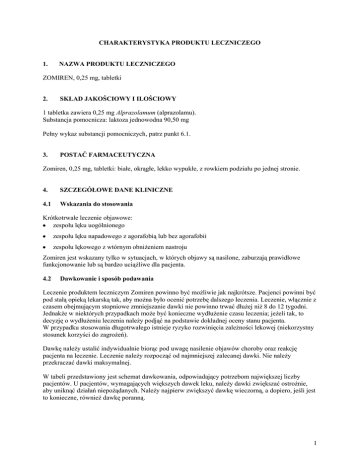 CHARAKTERYSTYKA PRODUKTU LECZNICZEGO 1. NAZWA PRODUKTU LECZNICZEGO ZOMIREN, 0,25 mg, tabletki 2. SKŁAD JAKOŚCIOWY I ILOŚCIOWY 1 tabletka zawiera 0,25 mg Alprazolamum (alprazolamu). Substancja pomocnicza: laktoza jednowodna 90,50 mg Pełny wykaz substancji pomocniczych, patrz punkt 6.1. 3. POSTAĆ FARMACEUTYCZNA Zomiren, 0,25 mg, tabletki: białe, okrągłe, lekko wypukłe, z rowkiem podziału po jednej stronie. 4. SZCZEGÓŁOWE DANE KLINICZNE 4.1 Wskazania do stosowania Krótkotrwałe leczenie objawowe: zespołu lęku uogólnionego zespołu lęku napadowego z agorafobią lub bez agorafobii zespołu lękowego z wtórnym obniżeniem nastroju Zomiren jest wskazany tylko w sytuacjach, w których objawy są nasilone, zaburzają prawidłowe funkcjonowanie lub są bardzo uciążliwe dla pacjenta. 4.2 Dawkowanie i sposób podawania Leczenie produktem leczniczym Zomiren powinno być możliwie jak najkrótsze. Pacjenci powinni być pod stałą opieką lekarską tak, aby można było ocenić potrzebę dalszego leczenia. Leczenie, włącznie z czasem obejmującym stopniowe zmniejszanie dawki nie powinno trwać dłużej niż 8 do 12 tygodni. Jednakże w niektórych przypadkach może być konieczne wydłużenie czasu leczenia; jeżeli tak, to decyzję o wydłużeniu leczenia należy podjąć na podstawie dokładnej oceny stanu pacjenta. W przypadku stosowania długotrwałego istnieje ryzyko rozwinięcia zależności lekowej (niekorzystny stosunek korzyści do zagrożeń). Dawkę należy ustalić indywidualnie biorąc pod uwagę nasilenie objawów choroby oraz reakcję pacjenta na leczenie. Leczenie należy rozpocząć od najmniejszej zalecanej dawki. Nie należy przekraczać dawki maksymalnej. W tabeli przedstawiony jest schemat dawkowania, odpowiadający potrzebom największej liczby pacjentów. U pacjentów, wymagających większych dawek leku, należy dawki zwiększać ostrożnie, aby uniknąć działań niepożądanych. Należy najpierw zwiększyć dawkę wieczorną, a dopiero, jeśli jest to konieczne, również dawkę poranną. 1 Wskazanie Leczenie początkowe Leczenie podtrzymujące Zespół lęku uogólnionego i zespół lękowy z wtórnym obniżeniem nastroju dorośli: 0,25 do 0,5 mg 3 razy na dobę dorośli: 0,5 do 4 mg na dobę, w dwóch lub trzech dawkach podzielonych osoby w wieku podeszłym: 0,25 mg 2 do 3 razy na dobę osoby w wieku podeszłym: 0,5 do 0,75 mg na dobę w dwóch lub trzech dawkach podzielonych 4 mg na dobę w dawkach podzielonych. W wyjątkowych przypadkach od 8 mg do 10 mg na dobę w dawkach podzielonych. Zespół lęku napadowego 0,5 do 1 mg przed snem (dawki nie należy zwiększać o więcej niż 1 mg w ciągu 3 do 4 dni) Jeśli już po zastosowaniu dawek początkowych pojawią się działania niepożądane, należy dawki zmniejszyć. Lek należy odstawiać stopniowo; w przypadku nagłego przerwania leczenia mogą wystąpić objawy odstawienne. Objawy te mogą mieć postać łagodnej dysforii, bezsenności, a także poważniejszych objawów jak kurcze mięśni i brzucha, wymioty, pocenie się, drżenie i drgawki. Stopniowe odstawianie leku powinno być wydłużone w czasie, np. jeśli pacjent zażywa dawkę 0,5 mg rano, 0,5 mg w południe i 1 mg wieczorem, zaleca się zmniejszanie dawki dobowej maksymalnie o 0,25 mg co trzy dni. W niektórych przypadkach zalecane jest zmniejszenie dawki dobowej, bez względu na jej wartość początkową, o 0,5 mg co trzy dni. Jeśli wystąpią objawy odstawienne, należy ponownie wdrożyć poprzedni schemat dawkowania, do momentu zrównoważenia stanu pacjenta, a następnie ponownie rozpocząć, w wolniejszym tempie, stopniowe obniżanie dawki dobowej. Pacjenci leczeni alprazolamem w dawkach większych od 4 mg w czasie zmniejszania dawek mają więcej problemów z odstawieniem leku. Stosowanie u dzieci i młodzieży w wieku poniżej 18 lat: Nie zostało określone bezpieczeństwo i skuteczność leczenia dzieci i młodzieży poniżej 18 lat, dlatego nie należy stosować u dzieci i młodzieży poniżej 18 lat. 4.3 4.4 Przeciwwskazania nadwrażliwość na alprazolam, inne benzodiazepiny lub na którąkolwiek substancję pomocniczą leku (patrz punkt 6.1) myashtenia gravis ciężka niewydolność oddechowa zespół bezdechu nocnego ciężka niewydolność wątroby nie należy stosować u dzieci i młodzieży w wieku poniżej 18 lat Specjalne ostrzeżenia i środki ostrożności dotyczące stosowania Tolerancja leku Zjawisko tolerancji wykazano dla działania uspokajającego alprazolamu, lecz nie przeciwlękowego. Uzależnienie Długotrwałe zażywanie pochodnych benzodiazepiny, w tym alprazolamu, może doprowadzić do psychicznego i fizycznego uzależnienia. Ryzyko uzależnienia zwiększa się wraz z wydłużonym okresem leczenia. Należy szczególnie ostrożnie stosować lek u pacjentów wykazujących skłonność do uzależnienia lub nadużywania alkoholu, narkotyków i leków. 2 Objawy odstawienne Długotrwałe leczenie należy przerywać stopniowo. W przypadku wystąpienia uzależnienia fizycznego, nagłe przerwanie leczenia spowoduje wystąpienie zespołu odstawiennego. Po nagłym przerwaniu leczenia obserwowano skrajną postać zaburzeń lękowych, stany napięcia nerwowego, niepokój (zwłaszcza ruchowy), stany splątania i drażliwości. W poważniejszych przypadkach przerwaniu leczenia towarzyszyły także następujące objawy: utrata poczucia własnej realności i depersonalizacja, przeczulica słuchowa, zdrętwienie i mrowienie kończyn, nadwrażliwość na światło, hałas i dotyk, halucynacje lub napady padaczkowe. Nawrót bezsenności i zaburzeń lękowych: Po nagłym odstawieniu leku może nastąpić przemijające nasilenie zaburzeń lękowych lub może wystąpić bezsenność. Objawom tym mogą dodatkowo towarzyszyć zmiany nastroju, niepokój, zaburzenia snu, a także niepokój (zwłaszcza ruchowy). Z tego powodu należy unikać nagłego przerwania leczenia i stopniowo zmniejszać dobowe dawki leku. Zwiększone ryzy
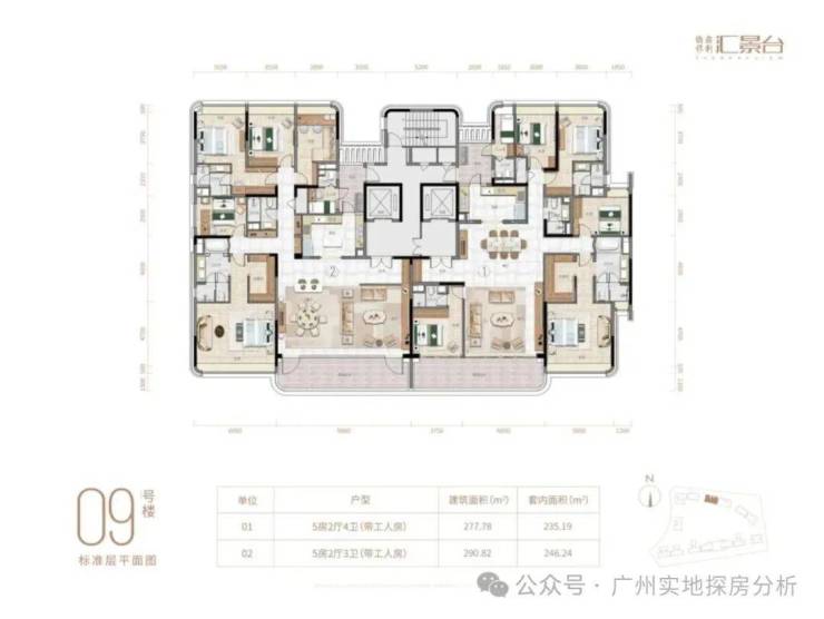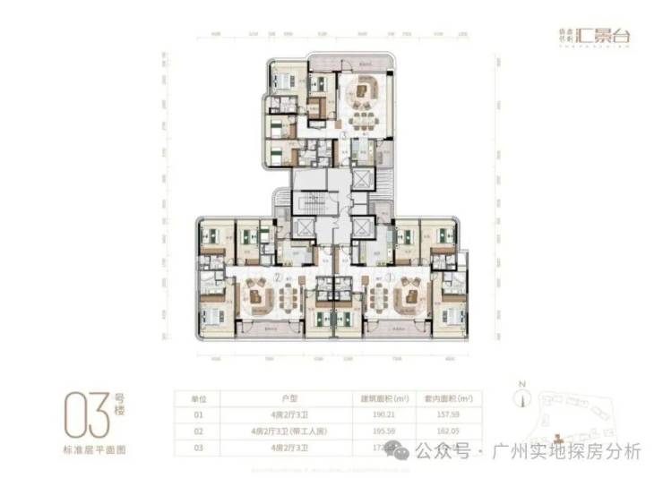项目由14栋12层小高层组成,涵盖123-352㎡三至五房,共8类户型。
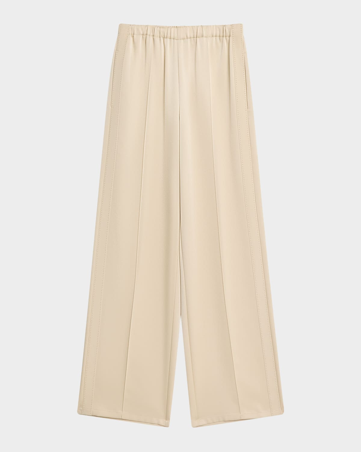 - Vince silk-linen pants finished with tonal side straps - Approx. 32.5" inseam - Mid-rise; sits high on the hip - Elastic waistband - Four-pocket style - Pintuck front - Wide legs - Full length - Pull-on style - Silk/linen - Imported
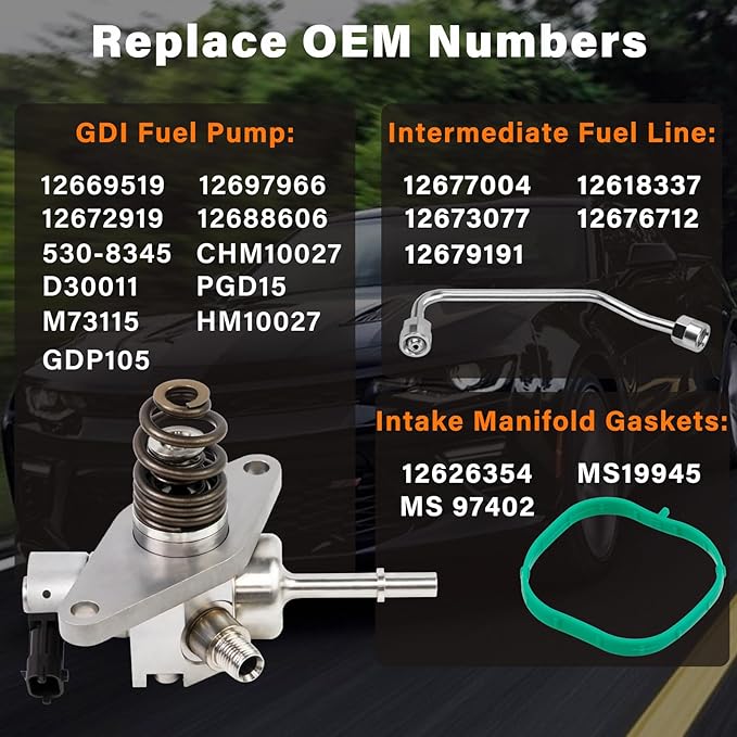 - GDI Fuel Pump Fitment: Compatible with Chevy: For 2014-2019 Silverado 1500/Corvette | For 2015-2020 Tahoe/Suburban | For 2016-2018 Camaro | For 2018-2020 Express 2500/3500 | Compatible with GMC: For 2014-2019 Sierra 1500 | For 2015-2020 Yukon/Yukon XL | For 2018-2020 Savana 2500/3500 | Compatible with 2015-2018 Cadillac Escalade | Replace OEM Numbers: 12669519, 12697966, 12672919, 12688606, 530-8345

#### Exercise requirements:
Exact repetition of the material above is required, with the images removed.

#### Answer for the task:
 CHARAKTERYSTYKA PRODUKTU LECZNICZEGO 1. NAZWA PRODUKTU LECZNICZEGO ZOMIREN, 0,25 mg, tabletki 2. SKŁAD JAKOŚCIOWY I ILOŚCIOWY 1 tabletka zawiera 0,25 mg Alprazolamum (alprazolamu). Substancja pomocnicza: laktoza jednowodna 90,50 mg Pełny wykaz substancji pomocniczych, patrz punkt 6.1. 3. POSTAĆ FARMACEUTYCZNA Zomiren, 0,25 mg, tabletki: białe, okrągłe, lekko wypukłe, z rowkiem podziału po jednej stronie. 4. SZCZEGÓŁOWE DANE KLINICZNE 4.1 Wskazania do stosowania Krótkotrwałe leczenie objawowe: zespołu lęku uogólnionego zespołu lęku napadowego z agorafobią lub bez agorafobii zespołu lękowego z wtórnym obniżeniem nastroju Zomiren jest wskazany tylko w sytuacjach, w których objawy są nasilone, zaburzają prawidłowe funkcjonowanie lub są bardzo uciążliwe dla pacjenta. 4.2 Dawkowanie i sposób podawania Leczenie produktem leczniczym Zomiren powinno być możliwie jak najkrótsze. Pacjenci powinni być pod stałą opieką lekarską tak, aby można było ocenić potrzebę dalszego leczenia. Leczenie, włącznie z czasem obejmującym stopniowe zmniejszanie dawki nie powinno trwać dłużej niż 8 do 12 tygodni. Jednakże w niektórych przypadkach może być konieczne wydłużenie czasu leczenia; jeżeli tak, to decyzję o wydłużeniu leczenia należy podjąć na podstawie dokładnej oceny stanu pacjenta. W przypadku stosowania długotrwałego istnieje ryzyko rozwinięcia zależności lekowej (niekorzystny stosunek korzyści do zagrożeń). Dawkę należy ustalić indywidualnie biorąc pod uwagę nasilenie objawów choroby oraz reakcję pacjenta na leczenie. Leczenie należy rozpocząć od najmniejszej zalecanej dawki. Nie należy przekraczać dawki maksymalnej. W tabeli przedstawiony jest schemat dawkowania, odpowiadający potrzebom największej liczby pacjentów. U pacjentów, wymagających większych dawek leku, należy dawki zwiększać ostrożnie, aby uniknąć działań niepożądanych. Należy najpierw zwiększyć dawkę wieczorną, a dopiero, jeśli jest to konieczne, również dawkę poranną. 1 Wskazanie Leczenie początkowe Leczenie podtrzymujące Zespół lęku uogólnionego i zespół lękowy z wtórnym obniżeniem nastroju dorośli: 0,25 do 0,5 mg 3 razy na dobę dorośli: 0,5 do 4 mg na dobę, w dwóch lub trzech dawkach podzielonych osoby w wieku podeszłym: 0,25 mg 2 do 3 razy na dobę osoby w wieku podeszłym: 0,5 do 0,75 mg na dobę w dwóch lub trzech dawkach podzielonych 4 mg na dobę w dawkach podzielonych. W wyjątkowych przypadkach od 8 mg do 10 mg na dobę w dawkach podzielonych. Zespół lęku napadowego 0,5 do 1 mg przed snem (dawki nie należy zwiększać o więcej niż 1 mg w ciągu 3 do 4 dni) Jeśli już po zastosowaniu dawek początkowych pojawią się działania niepożądane, należy dawki zmniejszyć. Lek należy odstawiać stopniowo; w przypadku nagłego przerwania leczenia mogą wystąpić objawy odstawienne. Objawy te mogą mieć postać łagodnej dysforii, bezsenności, a także poważniejszych objawów jak kurcze mięśni i brzucha, wymioty, pocenie się, drżenie i drgawki. Stopniowe odstawianie leku powinno być wydłużone w czasie, np. jeśli pacjent zażywa dawkę 0,5 mg rano, 0,5 mg w południe i 1 mg wieczorem, zaleca się zmniejszanie dawki dobowej maksymalnie o 0,25 mg co trzy dni. W niektórych przypadkach zalecane jest zmniejszenie dawki dobowej, bez względu na jej wartość początkową, o 0,5 mg co trzy dni. Jeśli wystąpią objawy odstawienne, należy ponownie wdrożyć poprzedni schemat dawkowania, do momentu zrównoważenia stanu pacjenta, a następnie ponownie rozpocząć, w wolniejszym tempie, stopniowe obniżanie dawki dobowej. Pacjenci leczeni alprazolamem w dawkach większych od 4 mg w czasie zmniejszania dawek mają więcej problemów z odstawieniem leku. Stosowanie u dzieci i młodzieży w wieku poniżej 18 lat: Nie zostało określone bezpieczeństwo i skuteczność leczenia dzieci i młodzieży poniżej 18 lat, dlatego nie należy stosować u dzieci i młodzieży poniżej 18 lat. 4.3 4.4 Przeciwwskazania nadwrażliwość na alprazolam, inne benzodiazepiny lub na którąkolwiek substancję pomocniczą leku (patrz punkt 6.1) myashtenia gravis ciężka niewydolność oddechowa zespół bezdechu nocnego ciężka niewydolność wątroby nie należy stosować u dzieci i młodzieży w wieku poniżej 18 lat Specjalne ostrzeżenia i środki ostrożności dotyczące stosowania Tolerancja leku Zjawisko tolerancji wykazano dla działania uspokajającego alprazolamu, lecz nie przeciwlękowego. Uzależnienie Długotrwałe zażywanie pochodnych benzodiazepiny, w tym alprazolamu, może doprowadzić do psychicznego i fizycznego uzależnienia. Ryzyko uzależnienia zwiększa się wraz z wydłużonym okresem leczenia. Należy szczególnie ostrożnie stosować lek u pacjentów wykazujących skłonność do uzależnienia lub nadużywania alkoholu, narkotyków i leków. 2 Objawy odstawienne Długotrwałe leczenie należy przerywać stopniowo. W przypadku wystąpienia uzależnienia fizycznego, nagłe przerwanie leczenia spowoduje wystąpienie zespołu odstawiennego. Po nagłym przerwaniu leczenia obserwowano skrajną postać zaburzeń lękowych, stany napięcia nerwowego, niepokój (zwłaszcza ruchowy), stany splątania i drażliwości. W poważniejszych przypadkach przerwaniu leczenia towarzyszyły także następujące objawy: utrata poczucia własnej realności i depersonalizacja, przeczulica słuchowa, zdrętwienie i mrowienie kończyn, nadwrażliwość na światło, hałas i dotyk, halucynacje lub napady padaczkowe. Nawrót bezsenności i zaburzeń lękowych: Po nagłym odstawieniu leku może nastąpić przemijające nasilenie zaburzeń lękowych lub może wystąpić bezsenność. Objawom tym mogą dodatkowo towarzyszyć zmiany nastroju, niepokój, zaburzenia snu, a także niepokój (zwłaszcza ruchowy). Z tego powodu należy unikać nagłego przerwania leczenia i stopniowo zmniejszać dobowe dawki leku. Zwiększone ryzy
项目由14栋12层小高层组成,涵盖123-352㎡三至五房,共8类户型。
 - Vince silk-linen pants finished with tonal side straps - Approx. 32.5" inseam - Mid-rise; sits high on the hip - Elastic waistband - Four-pocket style - Pintuck front - Wide legs - Full length - Pull-on style - Silk/linen - Imported
 - GDI Fuel Pump Fitment: Compatible with Chevy: For 2014-2019 Silverado 1500/Corvette | For 2015-2020 Tahoe/Suburban | For 2016-2018 Camaro | For 2018-2020 Express 2500/3500 | Compatible with GMC: For 2014-2019 Sierra 1500 | For 2015-2020 Yukon/Yukon XL | For 2018-2020 Savana 2500/3500 | Compatible with 2015-2018 Cadillac Escalade | Replace OEM Numbers: 12669519, 12697966, 12672919, 12688606, 530-8345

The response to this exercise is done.